The SONA vow: I have promises to keep

President Aquino’s SONA opened up with a Frostian (Robert, the poet) dilemma. There is a road that forks two ways, he began. One goes the right way, the path of the straight and true. The other one leads you astray.

He asked us all, millions of Filipinos who left what they were doing to listen to the new president, to follow the right path. And, he vowed to lead by example.

We were hooked by the intro. Then listened to the full text. For the first time in a decade, we listened to a presidential SONA with anticipation and with hope in our hearts. The messenger has changed. Ten miserable years are over. Even the hard-core skeptics like myself are now beginning to believe that Filipinos, ay pwede na muling mangarap.

We were sent back to earth (from our daydreaming ) by the reactions to the SONA from clueless, or trying-hard-to-impress, lawmakers. Ninety-nine percent was de kahon, sound bites in tired prose. In terms of ridiculousness, nothing can beat Manny Pacquiao’s take, which in gist said this : Forget about the past so we can move forward.

The Filipino Everyman can’t strangle Pacquiao for this insensitivity. He is a hero to the common man. But that reaction made even the most loyal Pacquiao fan squirm. It was the wrong time and place to invoke the embroidery of history.

How can you cover up the past that splurged on the budget to— deliberately—leave nothing to the new president ?

How can you ignore the past that played around with state funds that used to be sacred and sacrosanct, such as calamity funds?

How can you not mention reckless, costly and commission-drive rice importations that skewed and roiled up the global rice market and that drove prices to the $1,000 per metric ton level – a price unheard of since the dawn of the global rice trade?

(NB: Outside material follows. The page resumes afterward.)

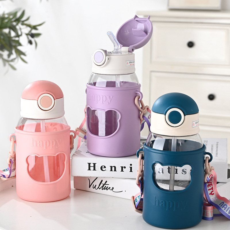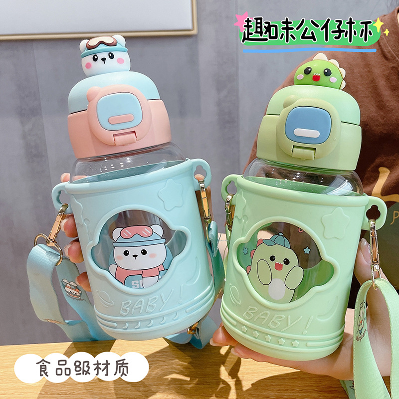 夏の漫画プラスチックカップ屋外携帯ストラップ付きストローカップ子供水筒跳ねるカップ工場水カップ卸売

While retired MWSS employees cannot even get their retirement pay, the agency’s board had spent years of gift and bonus-giving—all to themselves. At a rounded cost of P2.5 million a year.

Even those few seeming pro-people gestures – lower electricity cost, etc – were politically-driven measures borrowed straight from Tricky Dick’s playbook.

Pacquiao’s “forget-the-past” spiel was a grating, off-tangent one as we all tried to remember the just-recent-past so our governing benchmarks would not jump off-track from that day and forward.

After the audit of the free-spending ways of the past ten years is finally over, the massive documents and the ghastly findings would lead us to double up our appreciation of May, 2010. How did they express it then, after Tricky Dick’s exit from power: The long, national nightmare is over.

And Pacquiao does not even want us to look back, revisit and learn lessons from those nightmarish years.

This is not pop psychology. But it is a reality that the near-unanimous appreciation of President Aquino is deeply rooted in the fact that the long, nightmarish decade is finally, really, really, over. It is near-unanimous relief that intersects with the ascension to power of one who is believed to be the exact opposite, the anti-thesis, according to the Marxists, of the immediate past.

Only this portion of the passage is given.